::: MATERIAL FOR THE TASK :::

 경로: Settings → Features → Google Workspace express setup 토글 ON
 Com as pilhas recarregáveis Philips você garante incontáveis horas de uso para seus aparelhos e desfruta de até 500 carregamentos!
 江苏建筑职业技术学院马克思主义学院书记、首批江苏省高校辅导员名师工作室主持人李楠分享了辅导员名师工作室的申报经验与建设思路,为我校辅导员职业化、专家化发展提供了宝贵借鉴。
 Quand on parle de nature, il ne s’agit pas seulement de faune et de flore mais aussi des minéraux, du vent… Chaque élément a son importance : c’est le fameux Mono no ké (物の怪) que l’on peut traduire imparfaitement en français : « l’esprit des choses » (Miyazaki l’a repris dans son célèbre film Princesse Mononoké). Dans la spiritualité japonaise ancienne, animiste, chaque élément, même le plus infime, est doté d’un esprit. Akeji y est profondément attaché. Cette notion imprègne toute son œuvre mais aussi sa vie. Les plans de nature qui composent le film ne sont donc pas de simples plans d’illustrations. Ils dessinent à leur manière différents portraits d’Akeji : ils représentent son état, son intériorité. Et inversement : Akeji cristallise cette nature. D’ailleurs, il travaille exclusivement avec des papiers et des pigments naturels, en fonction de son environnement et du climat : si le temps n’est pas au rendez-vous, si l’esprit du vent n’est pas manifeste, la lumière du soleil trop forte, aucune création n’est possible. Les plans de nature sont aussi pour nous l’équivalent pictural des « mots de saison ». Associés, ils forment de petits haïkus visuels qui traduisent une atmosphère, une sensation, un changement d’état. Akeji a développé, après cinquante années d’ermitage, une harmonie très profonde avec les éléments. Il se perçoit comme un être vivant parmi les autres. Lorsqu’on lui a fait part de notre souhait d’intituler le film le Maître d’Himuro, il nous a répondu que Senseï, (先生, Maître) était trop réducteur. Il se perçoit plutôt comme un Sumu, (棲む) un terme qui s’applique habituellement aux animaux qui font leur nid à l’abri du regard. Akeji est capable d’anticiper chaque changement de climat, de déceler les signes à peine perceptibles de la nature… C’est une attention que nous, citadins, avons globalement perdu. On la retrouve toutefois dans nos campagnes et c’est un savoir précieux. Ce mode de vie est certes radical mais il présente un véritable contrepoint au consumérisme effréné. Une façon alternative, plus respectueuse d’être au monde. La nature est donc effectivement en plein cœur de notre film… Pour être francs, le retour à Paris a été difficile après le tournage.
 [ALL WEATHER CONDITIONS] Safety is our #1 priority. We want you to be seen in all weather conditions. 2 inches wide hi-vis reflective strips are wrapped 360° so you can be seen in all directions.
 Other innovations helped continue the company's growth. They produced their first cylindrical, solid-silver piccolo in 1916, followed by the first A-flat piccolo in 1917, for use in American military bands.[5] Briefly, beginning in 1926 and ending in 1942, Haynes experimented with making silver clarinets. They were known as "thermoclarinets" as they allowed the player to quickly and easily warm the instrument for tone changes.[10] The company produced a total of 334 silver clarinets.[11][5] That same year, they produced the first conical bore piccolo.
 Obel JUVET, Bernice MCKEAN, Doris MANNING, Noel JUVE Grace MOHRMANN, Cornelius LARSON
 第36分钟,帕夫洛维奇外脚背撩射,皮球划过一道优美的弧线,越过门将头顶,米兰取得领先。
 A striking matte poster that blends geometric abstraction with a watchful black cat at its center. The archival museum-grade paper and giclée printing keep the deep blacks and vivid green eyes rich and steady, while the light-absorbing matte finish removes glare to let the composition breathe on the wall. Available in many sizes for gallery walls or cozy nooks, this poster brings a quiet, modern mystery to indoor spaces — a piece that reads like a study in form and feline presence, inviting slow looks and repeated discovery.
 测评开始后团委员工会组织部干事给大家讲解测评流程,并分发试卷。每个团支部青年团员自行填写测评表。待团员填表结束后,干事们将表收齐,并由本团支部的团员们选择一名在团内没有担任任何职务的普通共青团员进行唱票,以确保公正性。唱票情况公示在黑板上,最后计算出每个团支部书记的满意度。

:::

■ PROBLEM TO SOLVE: What is needed here is how many lines of the entries contain "with"; give that number alone.

■ FINISHED EXERCISE: 2